I also learned something about Terraform variables here. I did not have to touch my code to test the fix:
terraform apply -var="instance_type=t3.micro"
Defaults are just defaults. The command line can override them, which is exactly the point of parameterizing your configuration in the first place.
Failure #3: The plan said 7. I needed 8.
For the assignment, I counted my resources before planning: VPC, internet gateway, two subnets, route table, route table association, security group, instance. Eight.
Terraform's plan came back:
Plan: 7 to add, 0 to change, 0 to destroy.
I had forgotten the route table association. And here is what makes this failure the most instructive of the week: everything would have applied cleanly anyway. Seven green resources, no errors, a public IP in my outputs. And an instance that could not be reached from the internet, because my "public" subnet was never actually connected to the route table that points at the internet gateway.
A subnet is not public because you name it public. It is public because a route table with a 0.0.0.0/0 β internet gateway route is explicitly associated with it. Forget the association and your subnet silently falls back to the VPC's main route table, which has no path to the internet.
No syntax checker catches this. terraform validate passes. The only thing that catches it is reading the plan and counting. The plan is not a formality to scroll past. The plan is the code review.
Failure #4: My security group, reviewed like a pull request
I wrote my security group from memory, feeling confident. It had three problems.
Problem one: I wrote a rule intended for SSH like this:
ingress {
from_port = 0
to_port = 0
protocol = "tcp"
...
}
SSH is port 22. Ports 0 to 0 with TCP is not "everything," it is nothing useful. (The "all traffic" pattern only works with protocol = "-1".)
Problem two: I had no egress block at all. This one is a genuine trap. AWS security groups natively allow all outbound traffic, but Terraform's aws_security_group resource removes that default the moment it manages the group. Terraform's philosophy is that the configuration is the complete truth, so an unwritten rule is a rule that should not exist. Without an explicit egress block, my instance could receive requests but could not initiate a single outbound connection. Not even to download OS updates.
Problem three: a leftover comment claimed my Amazon Linux AMI was published by Canonical, which is Ubuntu's publisher. Small, harmless, and exactly the kind of copy-paste residue that erodes trust in a codebase.
The corrected version allows HTTP on 80, SSH on 22, and all outbound traffic. In a real environment, that SSH rule would be locked to my own IP with a /32 instead of open to the world.

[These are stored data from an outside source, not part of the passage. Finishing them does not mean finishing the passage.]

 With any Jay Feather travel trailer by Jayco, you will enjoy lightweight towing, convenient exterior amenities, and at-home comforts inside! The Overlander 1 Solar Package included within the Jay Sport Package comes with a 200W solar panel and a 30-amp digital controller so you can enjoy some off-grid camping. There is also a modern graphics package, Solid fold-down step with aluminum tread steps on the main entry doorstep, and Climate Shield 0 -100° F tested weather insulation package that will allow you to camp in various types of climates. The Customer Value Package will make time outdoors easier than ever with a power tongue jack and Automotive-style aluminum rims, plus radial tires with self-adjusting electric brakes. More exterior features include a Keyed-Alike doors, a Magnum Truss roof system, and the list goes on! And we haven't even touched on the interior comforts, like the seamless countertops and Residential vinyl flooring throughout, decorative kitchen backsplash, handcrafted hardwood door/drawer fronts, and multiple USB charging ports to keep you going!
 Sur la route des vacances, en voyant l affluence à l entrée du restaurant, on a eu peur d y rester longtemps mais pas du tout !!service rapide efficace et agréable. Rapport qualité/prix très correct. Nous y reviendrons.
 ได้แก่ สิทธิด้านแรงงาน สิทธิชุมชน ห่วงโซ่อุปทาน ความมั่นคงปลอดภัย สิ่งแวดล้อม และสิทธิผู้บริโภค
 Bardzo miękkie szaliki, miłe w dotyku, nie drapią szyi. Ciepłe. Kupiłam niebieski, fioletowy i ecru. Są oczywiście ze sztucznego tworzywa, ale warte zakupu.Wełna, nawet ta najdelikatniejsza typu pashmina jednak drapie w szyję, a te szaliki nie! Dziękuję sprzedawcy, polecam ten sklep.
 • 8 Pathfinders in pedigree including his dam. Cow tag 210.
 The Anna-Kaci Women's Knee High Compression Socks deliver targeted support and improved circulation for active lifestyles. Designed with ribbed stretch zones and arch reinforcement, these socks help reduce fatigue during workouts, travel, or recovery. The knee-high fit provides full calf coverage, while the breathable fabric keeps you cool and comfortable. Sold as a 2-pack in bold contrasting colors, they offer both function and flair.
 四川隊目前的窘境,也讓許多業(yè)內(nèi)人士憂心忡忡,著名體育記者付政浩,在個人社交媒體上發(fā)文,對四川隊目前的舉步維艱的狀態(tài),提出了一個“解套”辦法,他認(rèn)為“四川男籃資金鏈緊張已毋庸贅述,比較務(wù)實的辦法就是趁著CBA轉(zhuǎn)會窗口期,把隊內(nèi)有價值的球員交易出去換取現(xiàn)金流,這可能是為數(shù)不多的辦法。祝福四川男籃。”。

Knowing the difference between lab settings and production settings matters as much as knowing the syntax.
The moment it all clicked
With all eight resources finally applied, I grabbed my shiny public IP, pasted it into a browser, and got... a timeout.
Naturally, I assumed something else was broken. Nothing was. Port 80 was open in the firewall, but nothing on the instance was listening on it. I had never installed a web server. An open firewall port and a running service are two completely different layers, and confusing them is one of the most common mistakes in cloud networking.
Fifteen lines of user_data later (a boot script installing Apache), I refreshed the browser and saw my own heading served from a server I had defined entirely in code:
user_data = <<-EOF
#!/bin/bash
dnf install -y httpd
echo "<h1>Deployed with Terraform</h1>" > /var/www/html/index.html
systemctl enable --now httpd
EOF
Then I ran terraform destroy, watched all eight resources dissolve in reverse dependency order, and confirmed my AWS bill for the whole exercise: effectively zero.
What Week 1 actually taught me
Not HCL syntax. Syntax is the easy part. Week 1 taught me:
- Read the error message. All of it. AWS errors name the identity, the action, and the reason. The answer is usually in there.
- 403 and 400 are different conversations. One is about permissions, the other is about the request itself.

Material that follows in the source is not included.